== Problem ==
Nothing but the lines below, from the first through the line containing "毛足の長いマットな質感が魅力のファーニットベスト。", should be set down, each one exactly and without pictures.

== Provided data ==
# # # # # # #

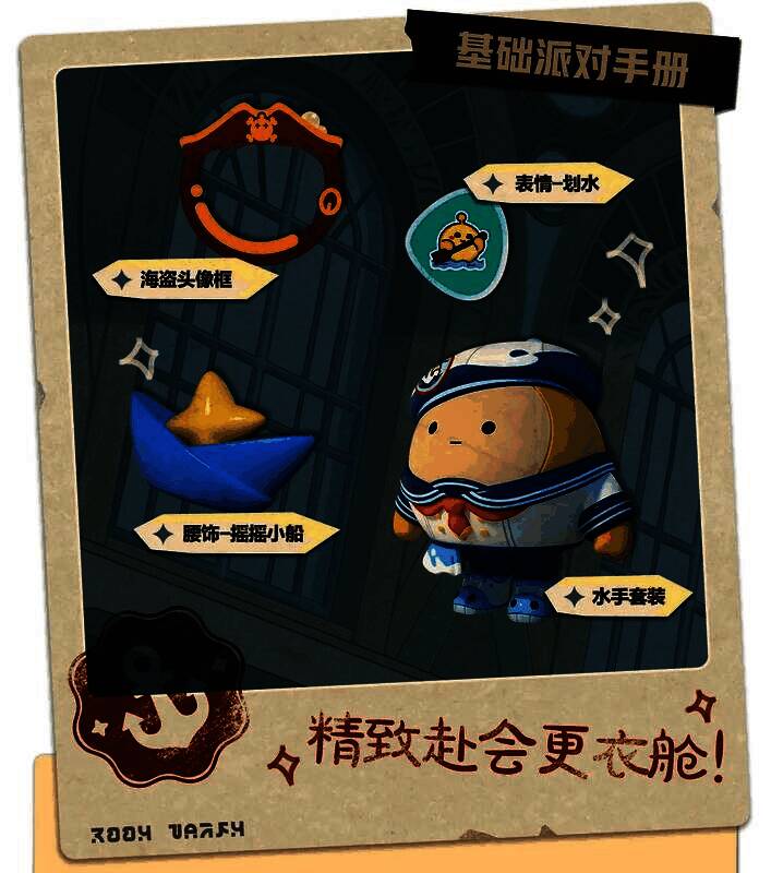 “宝船拍卖夜”派对季的派对手册分为基础版和高级版两部分,相应的奖励各不相同。本季基础派对手册的全部奖励有:800潮流纤维、17500瓶盖、稀有表情“划水”、高级头像框“海盗头像框”、稀有配饰“摇摇小船”、高级装扮“水手套装”。
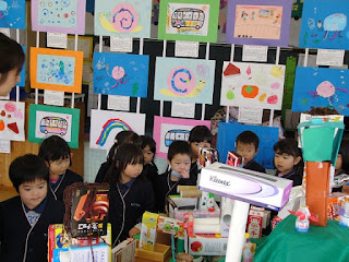 保護者の方に自分の作ったものの説明などあったと思いますが、今日はクラスの仲間と一緒に再度他のクラスの作品を見て回りました。
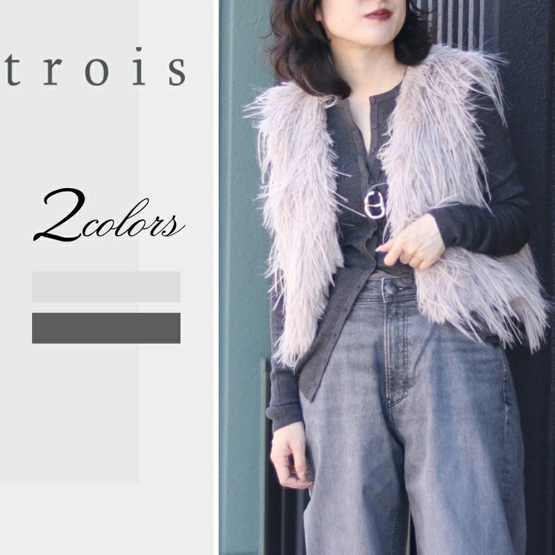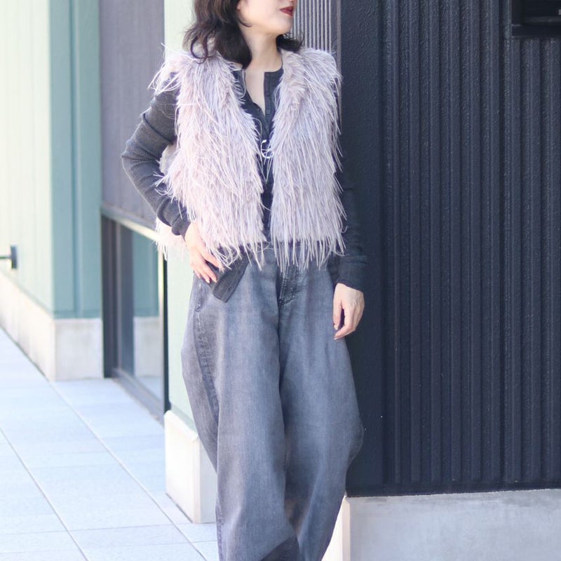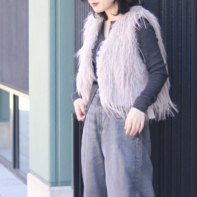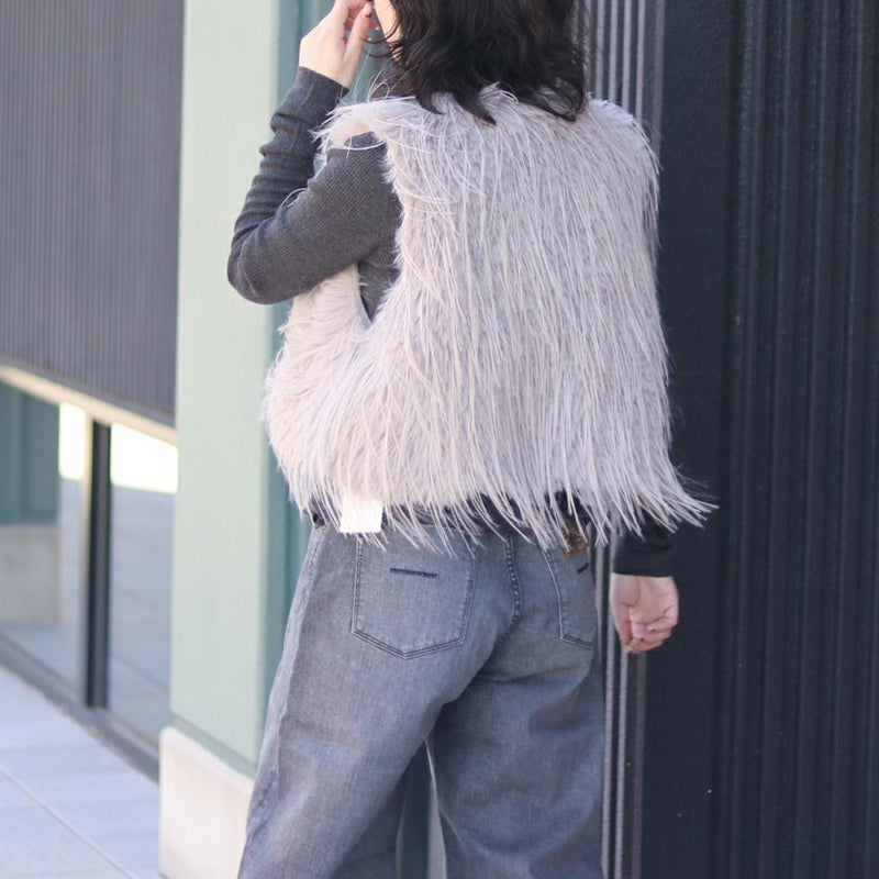 毛足の長いマットな質感が魅力のファーニットベスト。
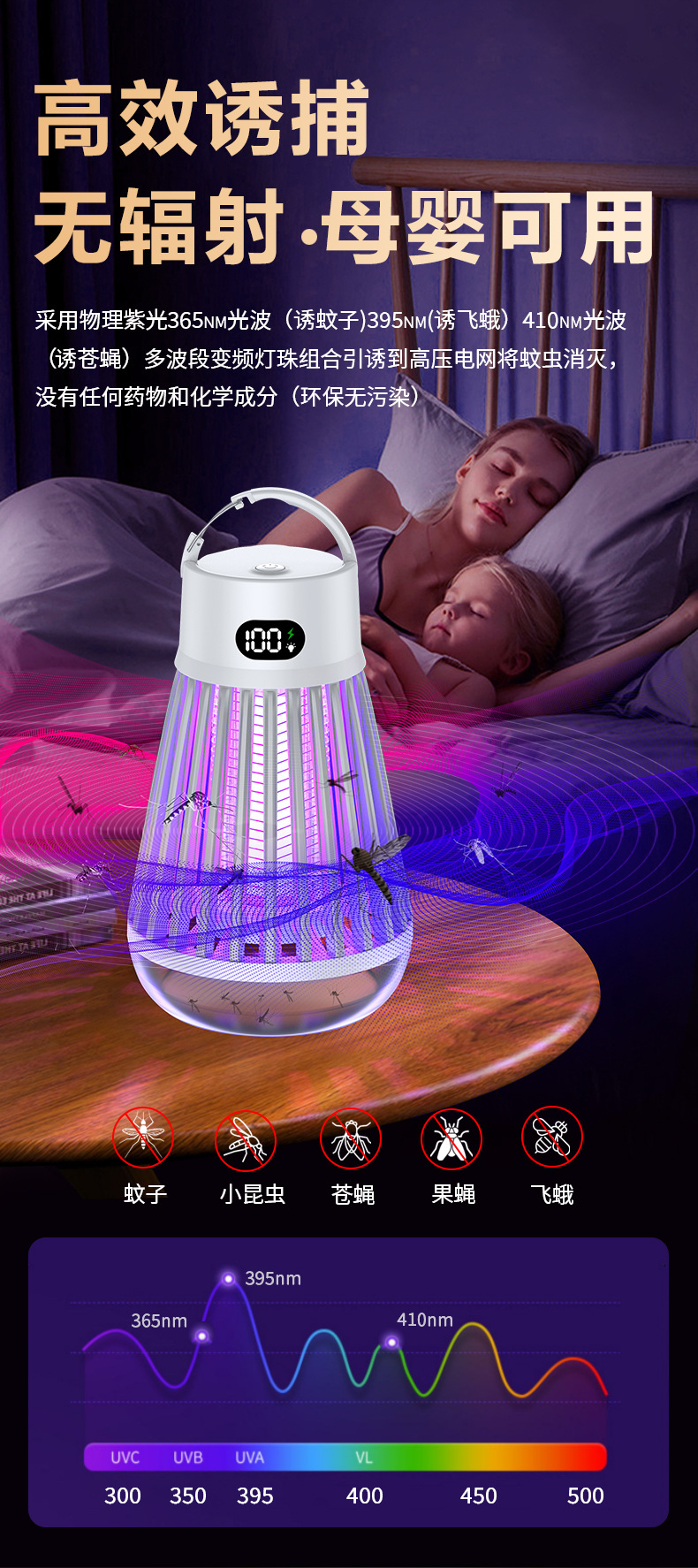 【高效诱捕!多功能灭蚊灯】2024新款静音多功能灭蚊灯二合一便携式家用灭蚊器户外露营灯,全面捕杀 360°无死角诱蚊。

# # # # # # #

== Answer for the task ==
 “宝船拍卖夜”派对季的派对手册分为基础版和高级版两部分,相应的奖励各不相同。本季基础派对手册的全部奖励有:800潮流纤维、17500瓶盖、稀有表情“划水”、高级头像框“海盗头像框”、稀有配饰“摇摇小船”、高级装扮“水手套装”。
 保護者の方に自分の作ったものの説明などあったと思いますが、今日はクラスの仲間と一緒に再度他のクラスの作品を見て回りました。
 毛足の長いマットな質感が魅力のファーニットベスト。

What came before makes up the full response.